“The Difficult” originated with author Stan Dragland’s thoughts about Lisa Moore’s novel “February” — or, more precisely, his reaction to a review of “February” which contended the work was “sexist.”
It’s composed of 15 chapters, or essays, ranging from two to 42 pages each in length.
But the bulk of “The Difficult” explores less mainstream material, including several schools of poetry, and especially a fictional work titled “The Obituary.”
Dragland is professor emeritus, award-winning critic, and founder of “Brick” magazine. As he explains, “‘The Difficult’ is about relationships between writer, text and reader. Discussing the work of some demanding writers, Canadian especially, I call for open-minded, open-hearted, ‘active’ reading, ‘reading as an event,’ that I would like to think promotes tolerance in a much-divided world.”
Hmm … seems like an elegant, straightforward goal.
“However, (he goes on to say) digression is a pit I keep falling into.”
It might also be kind of the point.
“I do hope you’re partial to Holden Caulfield’s take on this kind of thing, as I am: ‘The trouble with me is, I like it when somebody digresses. It’s more interesting and all.’”
Thus Dragland calls himself a “meanderthal writer.” It’s the tangents that allow him to cover so much ground.
This also makes “The Difficult” hard to summarize — I don’t think I can do justice here to the contents (which also include extensive notes and an Index).
“Most of what anybody reads, day to day, is easy to absorb: newspapers, magazines, flyers, food packaging, posters, emails, a bestselling novel, a blog, plain verse, billboards, a brochure or instruction manual of any sort, a crossword puzzle, a page of straight-ahead non-fiction; more, if you patronize social media, as I do not. I’m a print junkie, though, I’ll read anything, and I often delight in finding mild aberrations in workaday language. Sign on a St. John’s grocery parking lot: Customer Parking ‘Only’. Sign over a selection of necklaces in a Toronto convenience store: Neckless’.”

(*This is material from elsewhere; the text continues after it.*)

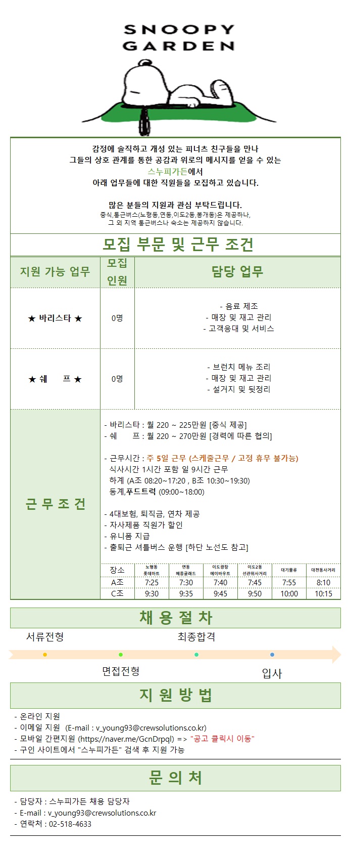 [스누피가든] 바리스타 및 레스토랑 주방 보조(셰프,조리,요리) 직원 모집

Dragland hardly restricts himself to such accessible stuff, though. He is drawn to the twisty, tricky, dense, unorthodox. The stuff that requires, and rewards, multiple readings. As such, this is a book for not simply for readers, but re-readers. Whether you’ve already encountered these publications or not, Dragland will guide/digress you through them.
For example, the longest section, “A Tale ‘Encrypted,’” is dedicated to “The Obituary.”
“Why is the book so unusual?” Dragland asks. “Let me slide into interpretation by listing and accounting for its many kinds of unexpected novelty: in visual appearance, language, syntax and narrative. … The simplest surprises are the defamiliarizing visuals. The word ‘and’ is scarce. The plus sign (+) mostly serves instead. The equals sign (=) also shows up. Certain words appear, but stricken out (“under erasure,” à la Derrida?) – vestiges of an earlier draft, perhaps; alternative trajectories of thought, cancelled but legible; unworthy thoughts suppressed but also admitted. The first passage of the book, on a page by itself, is entirely Xed out. Provinces of Canada are designated by their postal abbreviations: Montreal QC, Picher Creek AB. Extra vowels have crept into the names of some of the main character’s forebears, Veeera, Peeet, Reeef, and into other words as well. The last line in the novel is a one-word question; ‘Eeeeeeeengleeesh?’”
There are those amongst us — and we know who we are — who just got hooked by that description.
But he also explores quite popular writing.
“/And” takes a look at Dave Paddon.
“Paddon is comfortable with current technology, will record compositions on his phone, but his roots are deep in the oral traditions of his home place. He memorizes the poems he creates and recites them.” (Some fine examples have also been published with Running the Goat Books and Broadsides.)
Illustrating Paddon’s fusion of “ancient storytelling” with modern circumstances, Dragland includes a section from “Doctoring,” wherein “Uncle Jim” has been seconded into medical service:
First thing that went in was points and a coil
From his old outboard motor that burned too much oil.
Then a chainsaw spark plug and a brand new condenser
And from his wife’s K-Car, a PC valve sensor.
Along with Moore and Paddon, Dragland references and refers to such Canadian literary figures as Rudy Wiebe, Alice Munro and Don McKay, alongside critics like John Metcalfe and Carmine Starnino. They’re more than cited; they populate the pages.
Moore, for example, is present via both her published text and quoted dialogue. They have breath and volume for Dragland and he lends that to us.
This is a scratch-the-surface review. You’ll know if “The Difficult” is for you by answering True or False to this highly scientific survey quotation: “Reading is, as Bobbie Louise Hawkins puts it, ‘my darling pleasure.’”
Joan Sullivan is editor of Newfoundland Quarterly magazine. She reviews both fiction and non-fiction for The Telegram.